The raw results:
| -c values | 1 | 5 | 10 | 50 | 100 | 150 | 200 | 250 | 300 | 350 | 400 | 450 | 500 |
| thttpd | 2398 | 2346 | 2208 | 1916 | 1679 | 1451 | 1059 | 805 | 609 | 512 | 434 | 363 | 311 |
| lighttpd | 2448 | 2439 | 2293 | 2015 | 1751 | 1288 | 972 | 754 | 640 | 552 | 489 | 411 | 374 |
| dpfTVS | 2383 | 2054 | 1940 | 1911 | 1866 | 1824 | 1821 | 1782 | 1725 | 1703 | 1714 | 1637 | 1655 |
| hssTVS | 2444 | 2413 | 2220 | 2160 | 2192 | 2163 | 2154 | 2154 | 2096 | 2088 | 2071 | 2027 | 2060 |
A few thoughts to the results
The initial tests with only 1 connection show that the servers are not so far appart in their speed. But the higher the concurrency gets the higher the difference between my servers and the others. While mine remain on a rather flat line the both others decline. Why is that? The performance drop of both TVS servers in the beginning do show that they also suffer when the concurrency goes up, the dpfTVS even more so, showing clearly the drawback of one task per connection. It seems that my servers follow a more sophisticated internal path.

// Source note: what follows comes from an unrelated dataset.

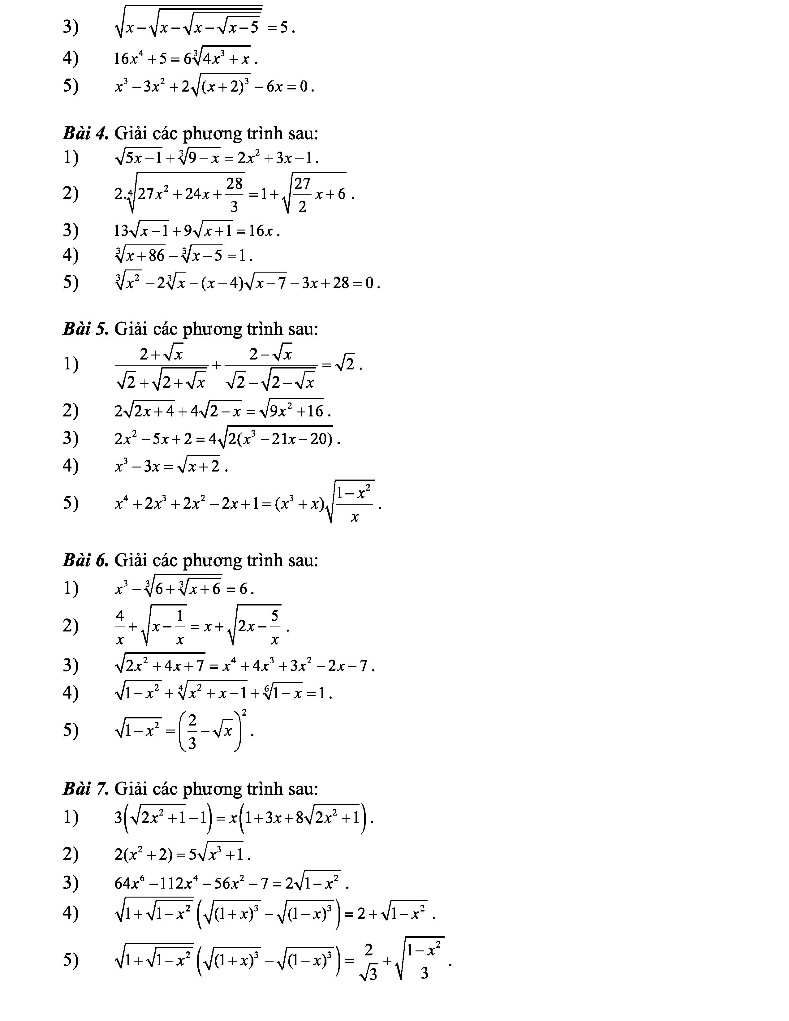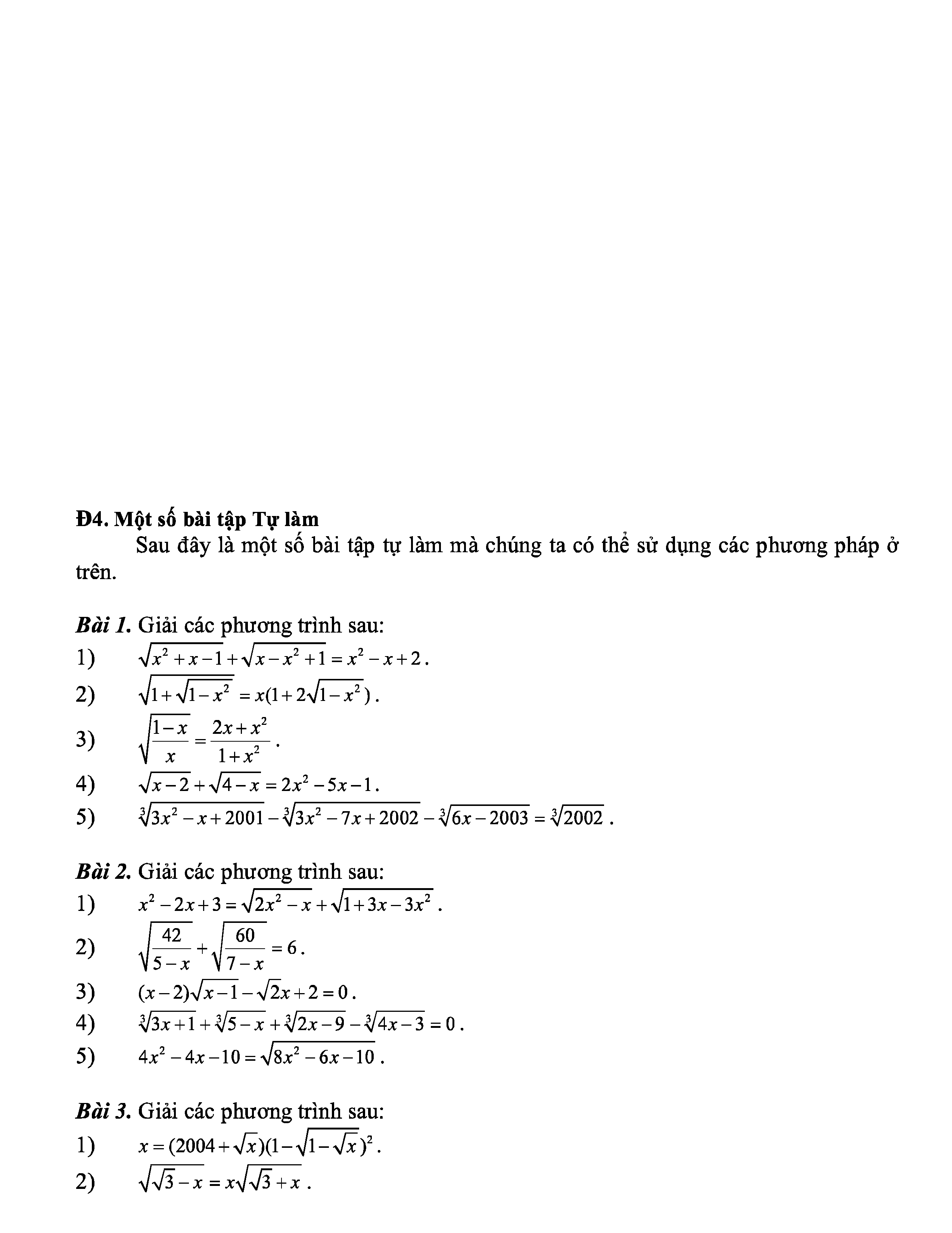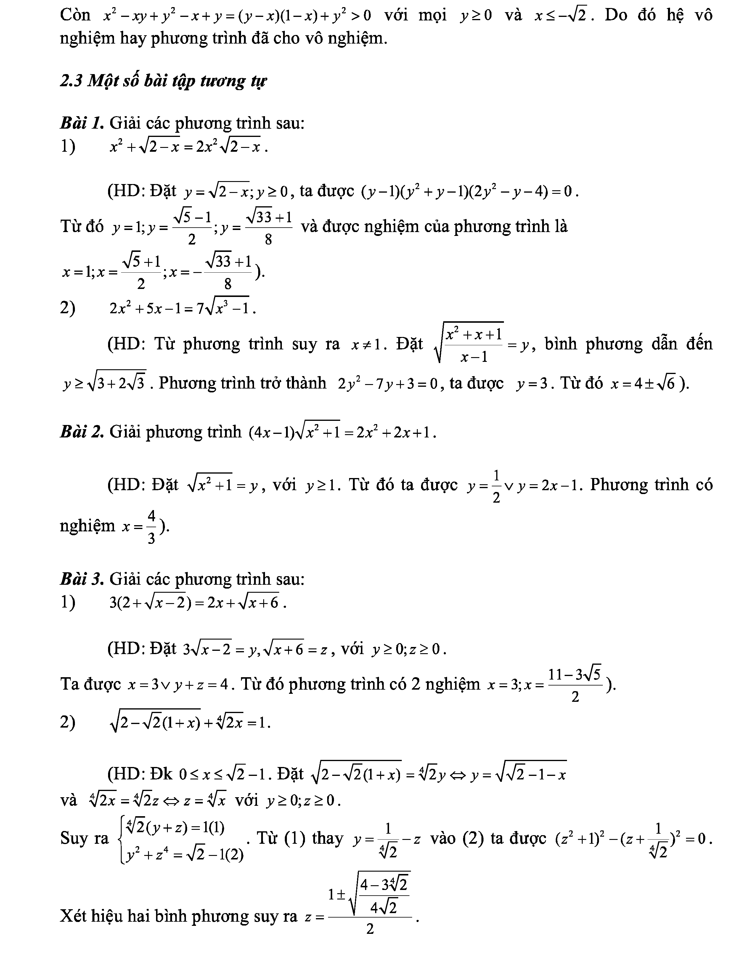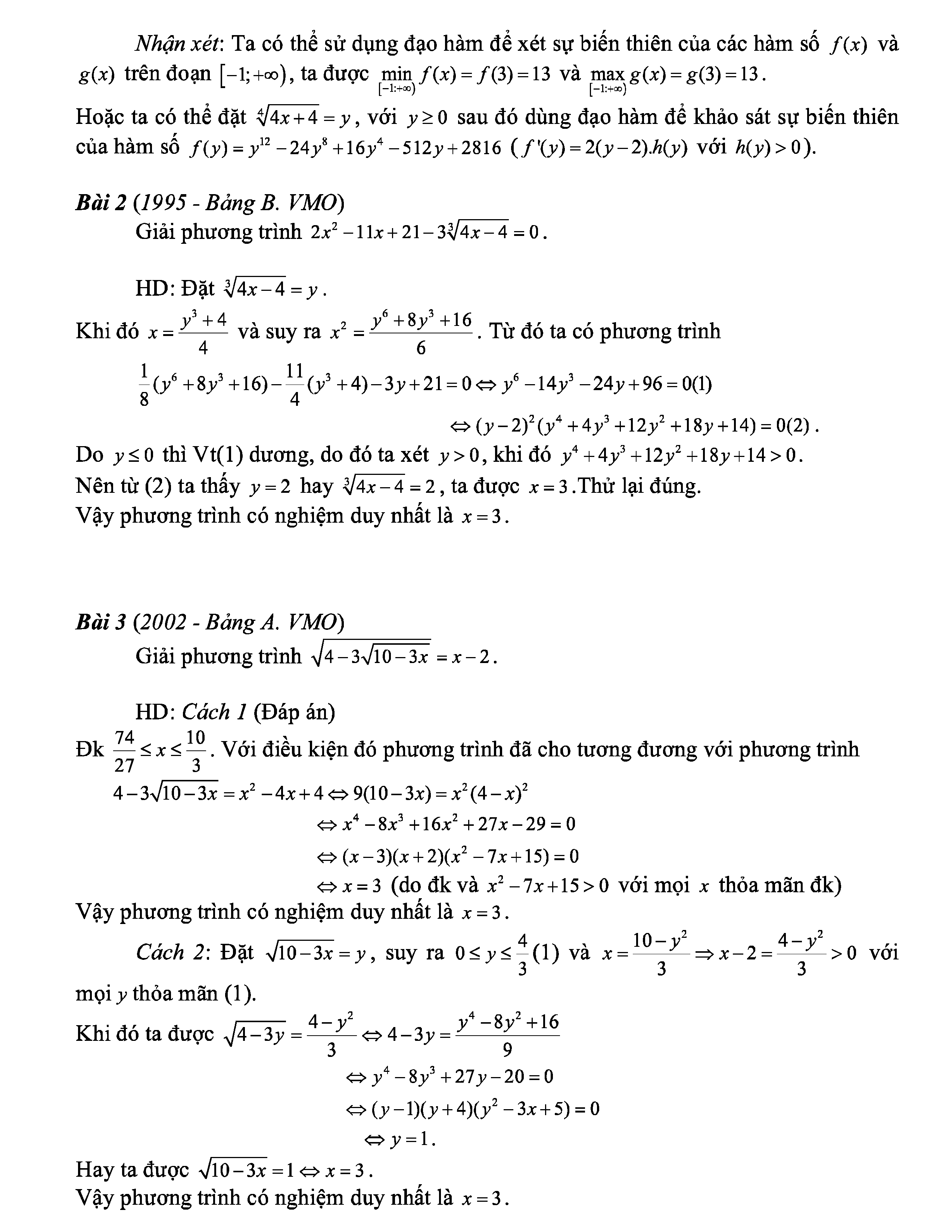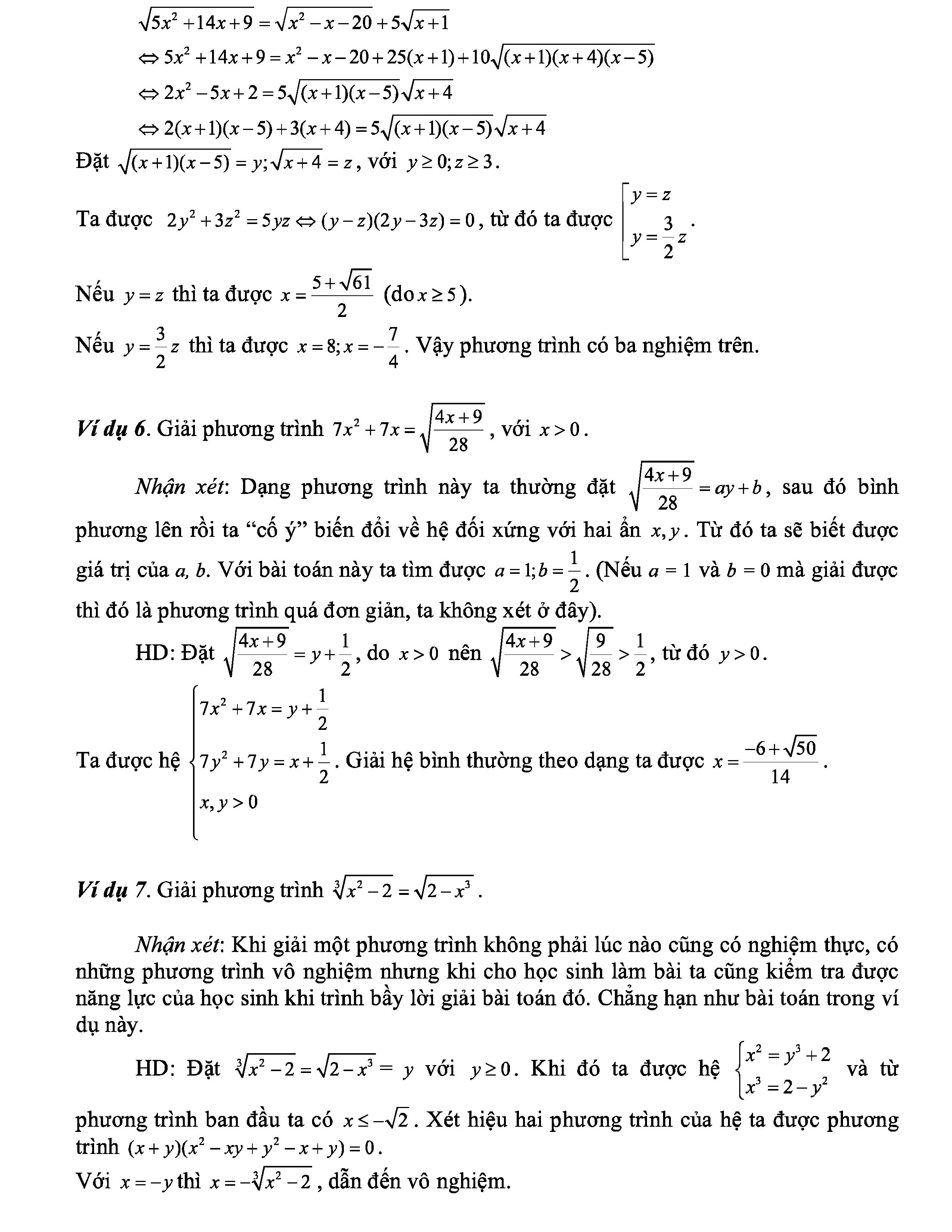 Một số phương pháp giải phương trình vô tỉ (hay và khó) toán 10

So it does pay off to know about the low level stuff after all. When I think back to the beginning of my work on the TVS internals I do remember equal behaviour. I was so upset about it that I did spend quite some time trying to work around what I deemed to be broken. I tweaked the internal timing up to the point that I do for example force the tasks of dpfTVS to give up their work time in situations that would cause a block a bit later anyway. These tweakings are the reason the server won't work in anything below SCHED_RR on a 2.6 kernel with the new scheduler (it works fine with SCHED_OTHER together with LinuxThreads though). While hssTVS of course has but one task, it does in fact the same in it's own way as I copied the successful approach for it.